Course: CEE 14SC: When Engineers Go Sailing: the Science and Technology of America's Cup Yachts and Matches
Instructors: Bob Tatum, George Springer, Margot Gerritsen, Lindley Smith
Department/School: Stanford Introductory Studies program Sophomore College, in which rising sophomores attend an intensive three-week residential program before autumn classes begin
Course Description: Seminar with field work
Audience: Sophomore College students
Schedule: Monday - Friday, 10:00am-3:00pm
The class was split among traditional lectures, demonstrations, and the sailing portion outside the classroom. The co-instructors focused on using class time efficiently given both the sailing component and the limited time span of Sophomore College, which lasts only three weeks. Sophomore College employed two Sophomore College Assistants (SCA’s) who lived with the students and aided professors and students alike for the duration of the program. "They were busy days, they were long days with lots of activities, and it’s a really great thing to be able to work with a group of students who can focus on one thing," said Bob Tatum, co-instructor.
Students visited a lab on campus to use electron microscopes to analyze boat materials, and worked with an actual material process for carbon-fiber. These activities helped the students understand the makeup of the yachts they were studying in and outside of class.
After the normal morning sessions centered in the classroom, the students went on to the latter part of the day, called “Afternoon Academic Activities.” According to Tatum, these were crucial elements to the course, “even though they weren’t formal classroom settings.” These Academic Activities involved the Stanford Sailing Center and the Oracle Team USA headquarters. Because the class visited the Oracle headquarters on a non-race day, the students were able to get an up-close look at the sailing yachts.
A main resource for the class was its location, the Peter Wallenberg Learning Theater, which has a variety of technological features such as screens for numerous types of displays. The first in-class group activity relied heavily on the screens, as pairs of students analyzed an individual race in detail. "The technology in this room really was a major asset for the course," said Tatum.
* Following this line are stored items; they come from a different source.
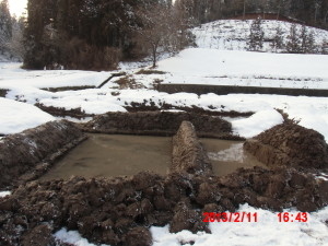 1号ほ場でわさび床作り(その2) 2013-02-14
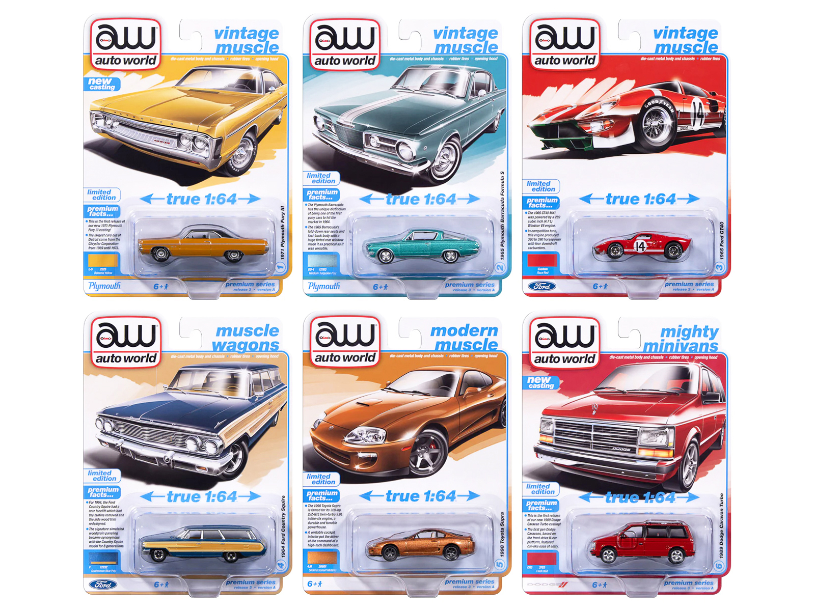 - Brand new 1/64 scale diecast car models of Auto World Premium 2025 Release 3 Set A of 6 pieces die cast model cars by Auto World.
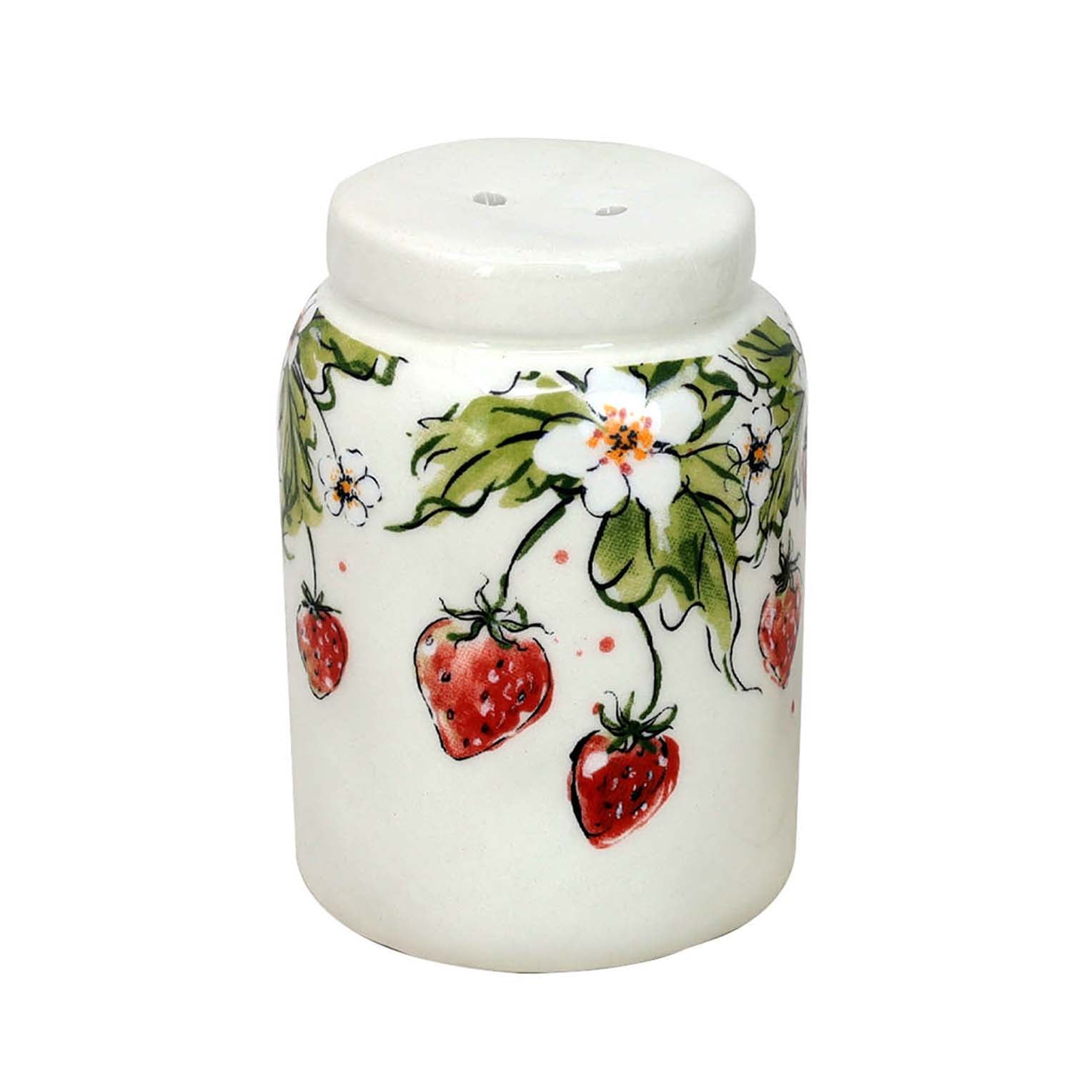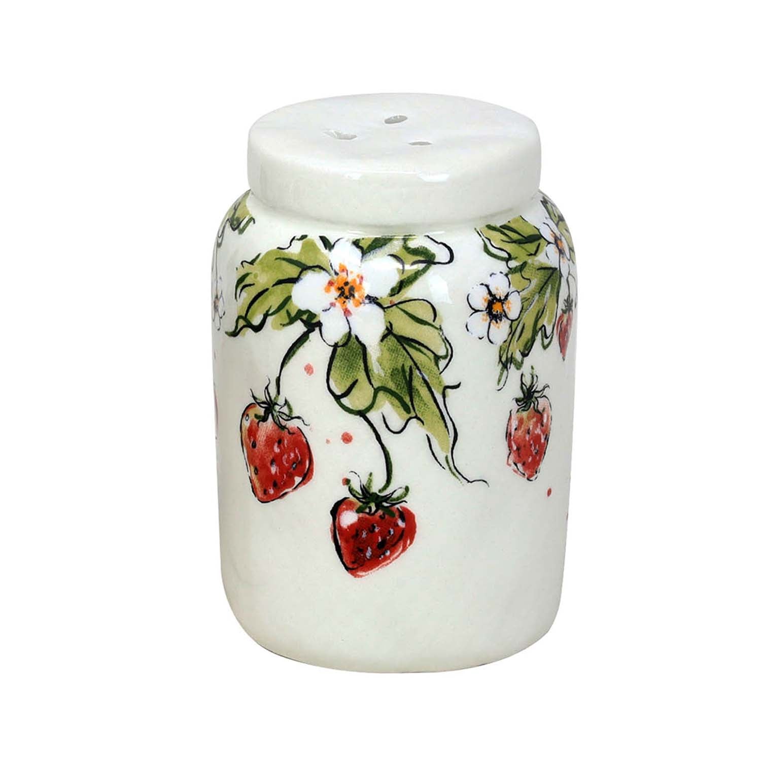 Enhance your dining table with this ceramic cruet set featuring a delightful strawberry and leaf print. Measuring 8.5cm tall, the white glazed shakers offer both function and charm, ideal for seasoning your meals. Hand wash only; not microwave or dishwasher safe.
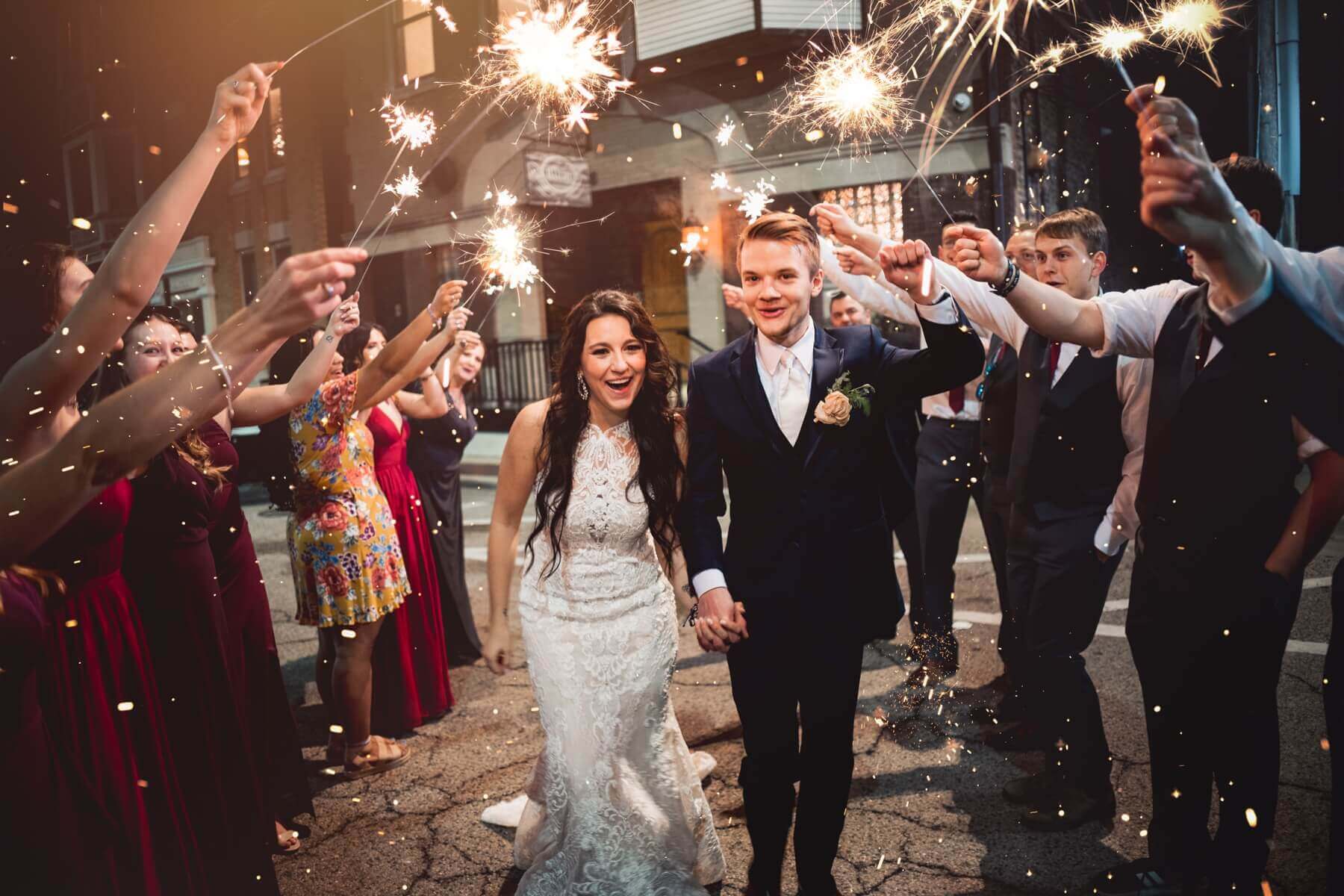 The couple did their big entrance where Olivia wore the cutest white heart sunglasses. For their cake cutting, they chose tiramisu since that’s one of their favorite desserts. After that, the toasts were given and dinner was enjoyed. Then it was time to dance! Olivia and Colin had such a fun first dance then danced with dad and mom respectively. Once the dances were done, they snuck away for a sparkler exit. After that, they came back and enjoyed tearing up the dance floor with their guests.

At the end of the course, the students formed groups of four which, as Tatum explains, allowed them to interact with the others in the course, especially students with different backgrounds. “We put those together, tried to emphasize the diversity and I think they learned tremendously from each other, no doubt about it,” he says.
In addition to group projects, Tatum and his co-teachers also videotaped a series of interviews with Oracle Team USA members, ranging from the design department, general management, corporate functions like public relations and sponsor relations, to the crew themselves, for students to watch in the Learning Theater.
Tatum focused on giving the students a sound foundational knowledge of engineering by focusing on materials, basic structural engineering for the boats, fluid mechanics, and fluid modeling for the wind, the sails, and the hulls in the water. Tatum also gave students freedom to use their varying skill sets, interests, and backgrounds to get the most out of the class. For the final group project, for example, students were asked to work in teams, but the topic they chose was completely up to them.
“Turns out that they picked components of the sailing yachts,” Tatum says. “We hadn’t anticipated that, we’d just provided a fairly flexible assignment that they could pick topics that applied what they learned and help them further extend that learning, and integrate it.”